Virtual Assistants
Intelligent Personal Assistants vs. Chatbots
An intelligent personal assistant is software that can assist people with basic tasks, usually using natural language. They can perform several tasks such as internal commands, web access. Either text or voice can trigger an action.
A voice assistant is an intelligent personal assistant that uses voice recognition, speech synthesis, and natural language processing to provide a service through a particular application.
A chatbot also known as a conversational agent is the main way to get assistance from a chatbot. Chatbots can simulate a conversation with a human user. Many companies use them in the customer service sector to answer basic questions and connect with a live person if necessary.
Intelligent Personal Assistant:
- Simple dialog (linear/slot filling)
- Adaptable to owner
Chatbot:
- Often associated with a company
- usually replaces a customer service support person
- more complex dialog with multiple speech turns
Wake word detection
The wake word is what wakes the assistant. For example with the Google Assistant the wake word is "Hey Google".
Automatic Speech recognition
Current approaches for ASR are machine learning to learn words from speech signals. Frequency analysis is performed on each little slice of audio to learn the corresponding letters
Speech recognition
- Speaker
- Speaker's characteristics
- Age, gender, anatomy (vocal chords)
- Current state
- level of stress, emotional state
- Language and culture
- Utterance
- Utterance method
- Isolated words vs connected words
- Utterance context
- continuous speech vs spontaneous speech
- Production characteristics
- whisper vs normal voice vs scream
- Discourse Content
- domain
- the smaller the domain, the better the system performance
- larger domain -> more homophones
- vocabulary
- larger the vocab the more understanding
- Environment
- surrounding sounds
- transducer
- phone, headset, smart Speaker
- channel variability
- signal distortion
- echo
Intent detection
Intent detection is a problem of understanding the language (NLU).
NLU is very complex because the language is full of ambiguity.
Types of dialogs
Linear dialogs is a process of collecting all the necessary information to complete an action.
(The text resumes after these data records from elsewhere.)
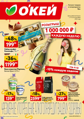 . Мы опубликовали акцию Каталог регулярных предложений, действие которой начинается 11 Сентября и заканчивается 24 Сентября. Поэтому если Вы житель города Уфа либо же его гость, детальненько изучите данные предложения. Вполне возможно, здесь есть именно те скидки в супермаркетах, что Вы так давно и безутешно искали. Вооружитесь знаниями и вперед в ближайший к Вам магазин на шопинг! Только будьте бдительны и внимательно смотрите на дату, вдруг акция уже закончилась или еще не началась.
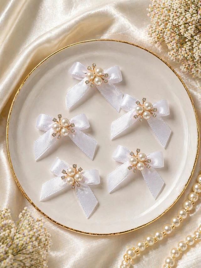 Луксозни Сатенени Мини Панделки в Бяло с Перли и Камъчета – Комплект от 5 бр.
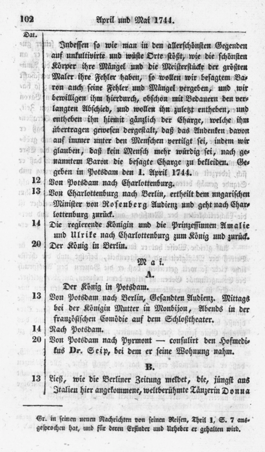 Indessen so wie man in den allerschönsten Gegenden auf unkultivirte und wüste Orte stößt, wie die schönsten Körper ihre Mängel und die Meisterstücke der größten Maler ihre Fehler haben, so wollen wir besagtem Baron auch seine Fehler und Mängel vergeben, und wir bewilligen ihm hierdurch, obschon mit Bedauern den verlangten Abschied, und wollen ihn zuletzt entheben, und entheben ihn hiemit gänzlich der Charge, welche ihm übertragen gewesen dergestalt, daß das Andenken davon auf immer unter den Menschen vertilgt sei, indem wir glauben, daß kein Mensch mehr würdig sei, nach genanntem Baron die besagte Charge zu bekleiden. Gegeben in Potsdam den 1. April 1744.
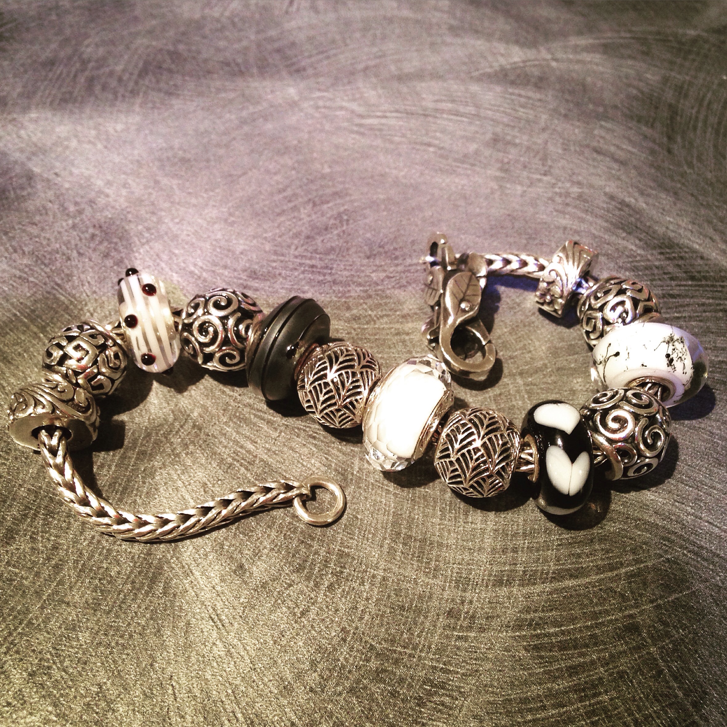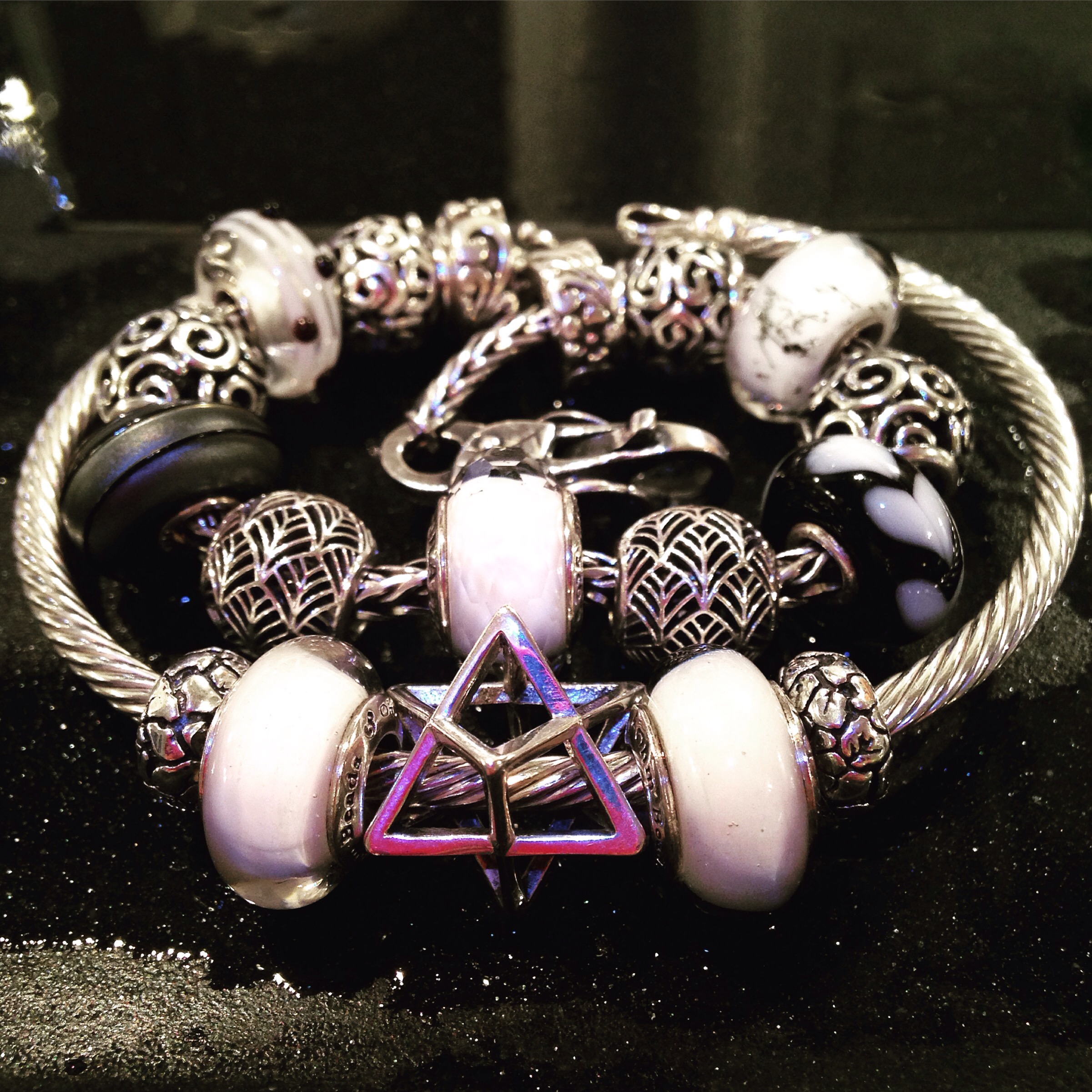 Jewelry Black and White Date: September 28, 2015Author: Martha 0 Comments Below is the Ohm Beads Twisted Bangle, Earth-ish Stoppers, Cold Milk beads and Merkaba. Beads on the bracelet– Stoppers by Redbalifrog All silvers and middle glass are by Pandora Other glass beads and lock are by Trollbeads. Share this: Click to share on Facebook (Opens in new window) Facebook Click to share on Pinterest (Opens in new window) Pinterest Click to share on WhatsApp (Opens in new window) WhatsApp Click to share on X (Opens in new window) X Click to email a link to a friend (Opens in new window) Email Click to share on Tumblr (Opens in new window) Tumblr Like Loading... Related
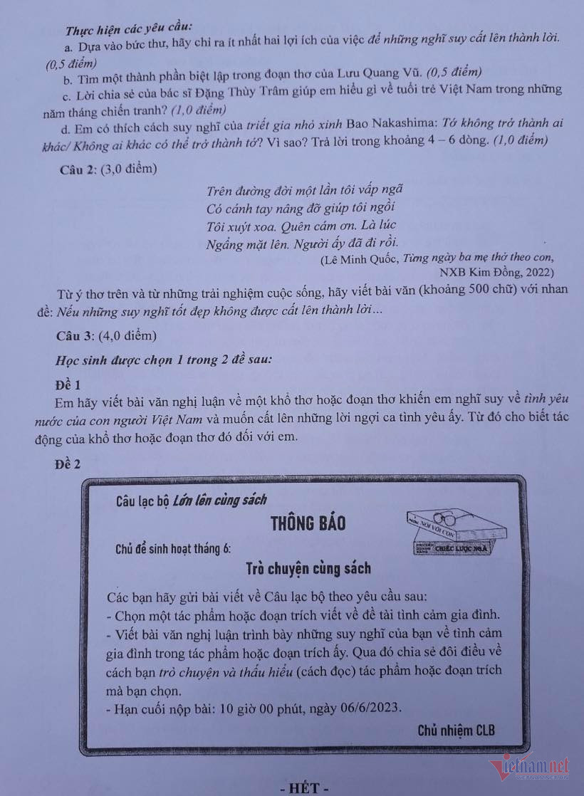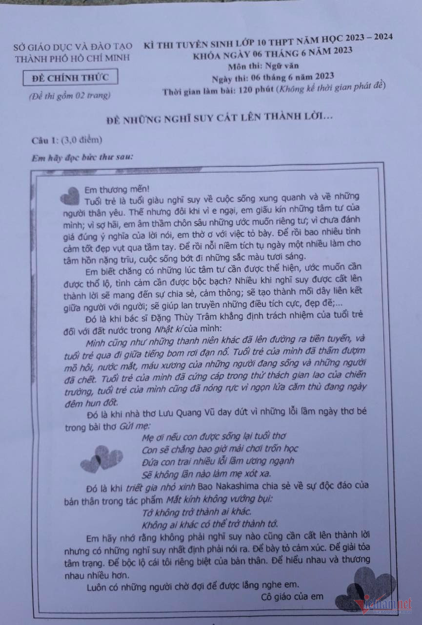 Đề thi môn Ngữ văn vào lớp 10 của TP.HCM như sau:
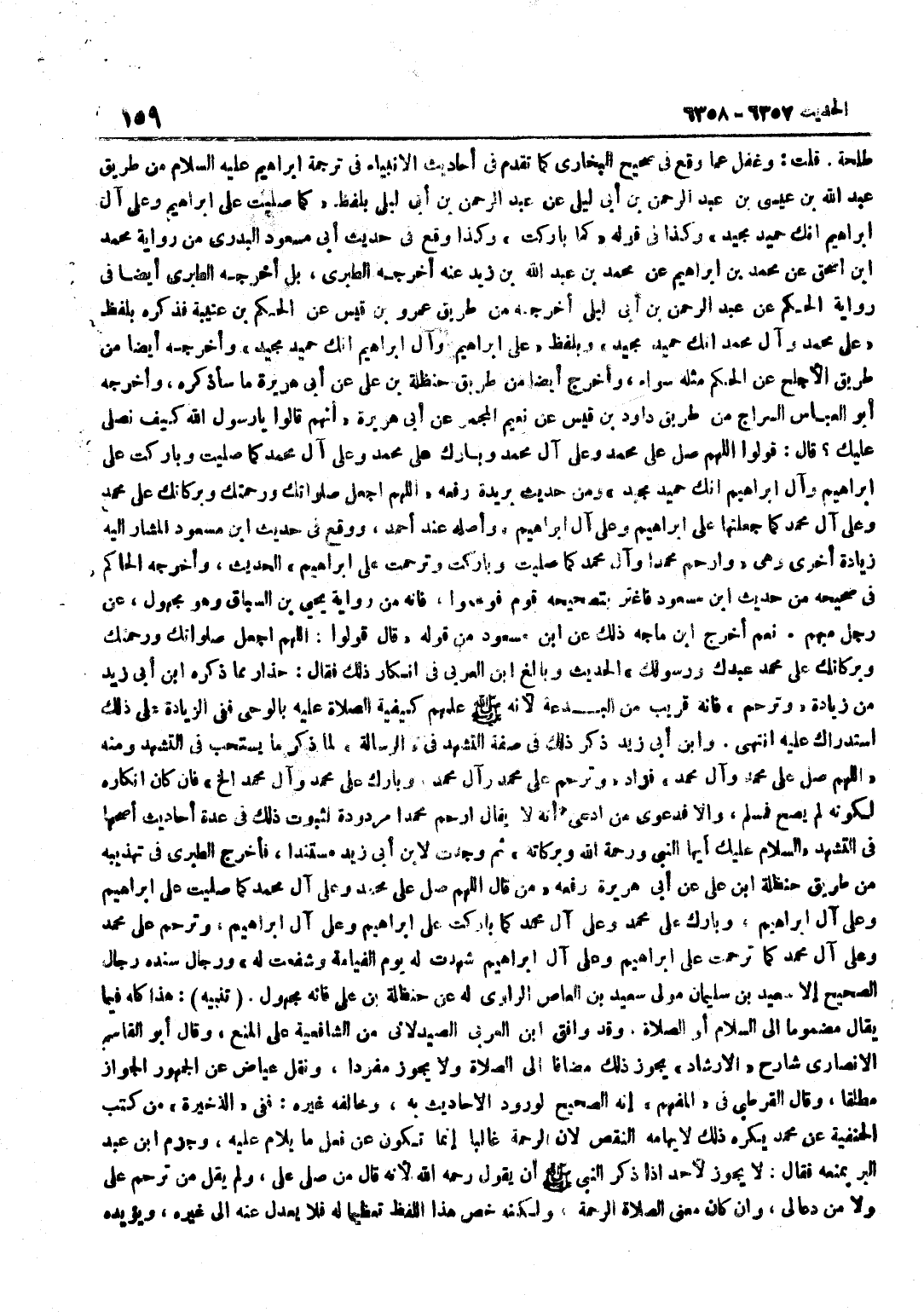 طَلْحَةَ قُلْتُ وَغَفَلَ عَمَّا وَقَعَ فِي صَحِيحِ الْبُخَارِيِّ كَمَا تَقَدَّمَ فِي أَحَادِيثِ الْأَنْبِيَاءِ فِي تَرْجَمَةِ إِبْرَاهِيمَ عَلَيْهِ السَّلَامُ مِنْ طَرِيقِ عَبْدُ اللَّهِ بْنُ عِيسَى بْنِ عَبْدِ الرَّحْمَنِ بن أَبِي لَيْلَى عَنْ عَبْدِ الرَّحْمَنِ بْنِ أَبِي لَيْلَى بِلَفْظِ كَمَا صَلَّيْتَ عَلَى إِبْرَاهِيمَ وَعَلَى آلِ إِبْرَاهِيمَ إِنَّكَ حَمِيدٌ مَجِيدٌ وَكَذَا فِي قَوْلِهِ كَمَا بَارَكْتَ وَكَذَا وَقَعَ فِي حَدِيثِ أَبِي مَسْعُودٍ الْبَدْرِيِّ مِنْ رِوَايَةِ مُحَمَّدِ بْنِ إِسْحَاقَ عَنْ مُحَمَّدِ بْنِ إِبْرَاهِيمَ عَنْ مُحَمَّدِ بْنِ عَبْدِ اللَّهِ بْنِ زَيْدِ عَنْهُ أَخْرَجَهُ الطَّبَرِيُّ بَلْ أَخْرَجَهُ الطَّبَرِيُّ أَيْضًا فِي رِوَايَةِ الْحَكَمِ عَنْ عَبْدِ الرَّحْمَنِ بْنِ أَبِي لَيْلَى أَخْرَجَهُ مِنْ طَرِيقِ عَمْرِو بْنِ قَيْسٍ عَنِ الْحَكَمِ بْنِ عُتَيْبَةَ فَذَكَرَهُ بِلَفْظِ عَلَى مُحَمَّدٍ وَآلِ مُحَمَّدٍ إِنَّكَ حَمِيدٌ مَجِيدٌ وَبِلَفْظِ عَلَى إِبْرَاهِيمَ وَآلِ إِبْرَاهِيمَ إِنَّكَ حَمِيدٌ مَجِيدٌ وَأَخْرَجَهُ أَيْضًا مِنْ طَرِيقِ الْأَجْلَحِ عَنِ الْحَكَمِ مِثْلَهُ سَوَاءً وَأَخْرَجَ أَيْضًا مِنْ طَرِيقِ حَنْظَلَةَ بْنِ عَلِيٍّ عَنْ أَبِي هُرَيْرَةَ مَا سَأَذْكُرُهُ وَأَخْرَجَهُ أَبُو الْعَبَّاسِ السَّرَّاجُ مِنْ طَرِيقِ دَاوُدَ بْنِ قَيْسٍ عَنْ نُعَيْمٍ الْمُجْمِرِ عَنْ أَبِي هُرَيْرَةَ أَنَّهُمْ قَالُوا يَا رَسُولَ اللَّهِ كَيْفَ نُصَلِّي عَلَيْكَ قَالَ قُولُوا اللَّهُمَّ صَلِّ عَلَى مُحَمَّدٍ وَعَلَى آلِ مُحَمَّدٍ وَبَارِكْ عَلَى مُحَمَّدٍ وَعَلَى آلِ مُحَمَّدٍ كَمَا صَلَّيْتَ وَبَارَكْتَ عَلَى إِبْرَاهِيمَ وَآلِ إِبْرَاهِيمَ إِنَّكَ حَمِيدٌ مَجِيدٌ وَمِنْ حَدِيثِ بُرَيْدَةَ رَفَعَهُ اللَّهُمَّ اجْعَلْ صَلَوَاتِكَ وَرَحْمَتَكَ وَبَرَكَاتِكَ عَلَى مُحَمَّدٍ وَعَلَى آلِ مُحَمَّدٍ كَمَا جَعَلْتَهَا عَلَى إِبْرَاهِيمَ وَعَلَى آلِ إِبْرَاهِيمَ وَأَصْلُهُ عِنْدَ احْمَد وَوَقع فِي حَدِيث بن مَسْعُودٍ الْمُشَارِ إِلَيْهِ زِيَادَةٌ أُخْرَى وَهِيَ وَارْحَمْ مُحَمَّدًا وَآلَ مُحَمَّدٍ كَمَا صَلَّيْتَ وَبَارَكْتَ وَتَرَحَّمْتَ عَلَى إِبْرَاهِيمَ الْحَدِيثَ وَأَخْرَجَهُ الْحَاكِمُ فِي صَحِيحِهِ من حَدِيث بن مَسْعُودٍ فَاغْتَرَّ بِتَصْحِيحِهِ قَوْمٌ فَوَهِمُوا فَإِنَّهُ مِنْ رِوَايَةِ يَحْيَى بْنِ السَّبَّاقِ وَهُوَ مَجْهُولٌ عَنْ رجل مُبْهَم نعم اخْرُج بن ماجة ذَلِك عَن بن مَسْعُودٍ مِنْ قَوْلِهِ قَالَ قُولُوا اللَّهُمَّ اجْعَلْ صَلَوَاتِكَ وَرَحْمَتَكَ وَبَرَكَاتِكَ عَلَى مُحَمَّدٍ عَبْدِكَ وَرَسُولِكَ الحَدِيث وَبَالغ بن الْعَرَبِيِّ فِي إِنْكَارِ ذَلِكَ فَقَالَ حَذَارِ مِمَّا ذكره بن أَبِي زَيْدٍ مِنْ زِيَادَةِ وَتَرَحَّمْ فَإِنَّهُ قَرِيبٌ مِنَ الْبِدْعَةِ لِأَنَّهُ صَلَّى اللَّهُ عَلَيْهِ وَسَلَّمَ عَلَّمَهُمْ كَيْفِيَّةَ الصَّلَاةِ عَلَيْهِ بِالْوَحْيِ فَفِي الزِّيَادَةِ على ذَلِك اسْتِدْرَاك عَلَيْهِ انْتهى وبن أَبِي زَيْدٍ ذَكَرَ ذَلِكَ فِي صِفَةِ التَّشَهُّدِ فِي الرِّسَالَةِ لَمَّا ذَكَرَ مَا يُسْتَحَبُّ فِي التَّشَهُّدِ وَمِنْهُ اللَّهُمَّ صَلِّ عَلَى مُحَمَّدٍ وَآلِ مُحَمَّدٍ فَزَادَ وَتَرَحَّمْ عَلَى مُحَمَّدِ وَآلِ مُحَمَّدٍ وَبَارِكْ عَلَى مُحَمَّدٍ وَآلِ مُحَمَّدٍ إِلَخْ فَإِنْ كَانَ إِنْكَارُهُ لِكَوْنِهِ لَمْ يَصِحَّ فَمُسَلَّمٌ وَإِلَّا فَدَعْوَى مَنِ ادَّعَى أَنَّهُ لَا يُقَالُ ارْحَمْ مُحَمَّدًا مَرْدُودَةٌ لِثُبُوتِ ذَلِكَ فِي عِدَّةِ أَحَادِيثَ أَصَحُّهَا فِي التَّشَهُّدِ السَّلَامُ عَلَيْكَ أَيُّهَا النَّبِيُّ وَرَحْمَةُ اللَّهِ وَبَرَكَاتُهُ ثُمَّ وَجَدْتُ لِابْنِ أَبِي زَيْدٍ مُسْتَ
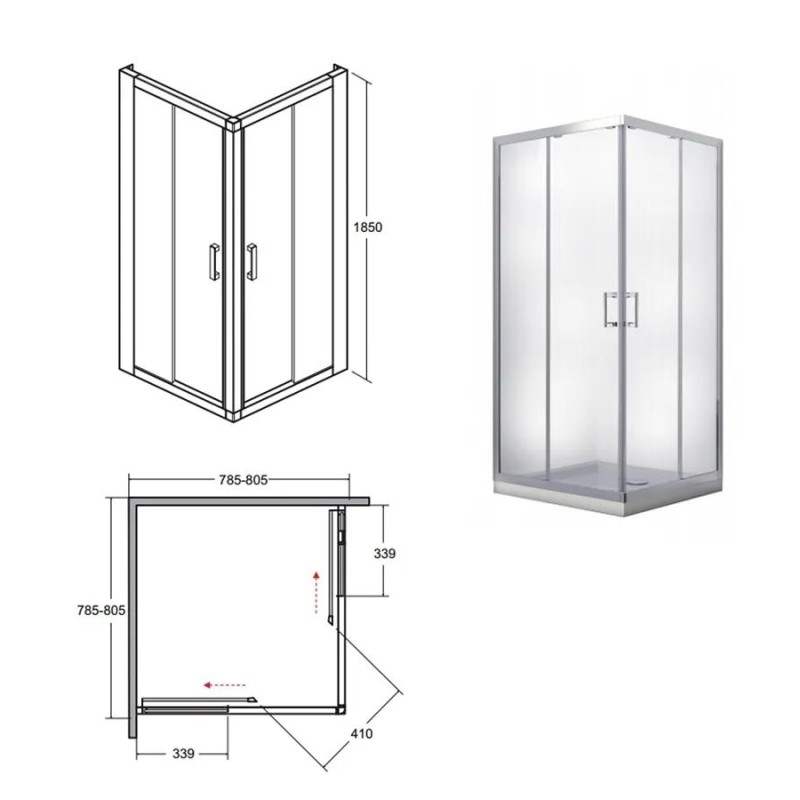 Кабіна квадратна MODERN 80x80x185: скло grigio, профіль хромований
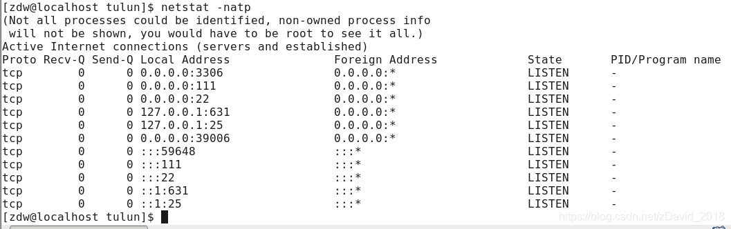 netstat:打印本地网卡接口上的全部连接、路由表信息、网卡接口信息。常用:显示tcp连接以及状态。

This is used by intelligent personal assistants.
Non-linear dialogs are closer to "real" conversation with branches, twists and turns, based on changes to context. This is used by a conversational agent (chatbot). They are very complex to build, and can quickly become unmanageable.
Action
For a chatbot or a intelligent personal assistants to execute a desired action, it could require:
- Access to internal commands
- access to external suppliers
- access to knowledge based
- access to search engines
Access to internal commands
- access to "standard" or added applications
- internal commands like "set timer"
- other behavior
- "tell me a joke"
Access to external suppliers
- simple tasks requiring a service provider
- complex task requiring exchange of information with a service provider
Access to knowledge base
- Factual Q/A
Access to search engines
- web searches
Answer Generation
Types of answers:
- Answers that are pre-recorded
- answer templates with variables
Speech Synthesis
Speech synthesis is a form of output where a computer or other machine reads words to you out loud in a real or simulated voice played through a loudspeaker; the technology is often called text-to-speech (TTS).
Steps for speech synthesis include: preprocessing for disambiguation, words to phonemes, phonemes to sounds, modulation for intonation, volume.
Preprocessing
Preprocessing involves going through the text and cleaning it up so the computer makes fewer mistakes when it actually reads the words aloud.
Things like numbers, dates, times, abbreviations, acronyms, and special characters need to be turned into words.
Words to phonemes
These are the sound parts of word.
Five -> f-ay-v One -> w-ah-n
Phonemes to sounds
Speech synthesizers that use recorded human voices have to be preloaded with little snippets of human sound they can rearrange.
In other words, a programmer has to record lots of examples of a person saying different things, break the spoken sentences into words and the words into phonemes.
If there are enough speech samples, the computer can rearrange the bits in any number of different ways to create entirely new words and sentences.
Modulation
As any good actor can demonstrate, a sentence can be read in different ways depending on the meaning of the text, the person speaking and the emotions it wishes to express.
In linguistics, this idea is known as prosody and is one of the most difficult problems for voice synthesizers.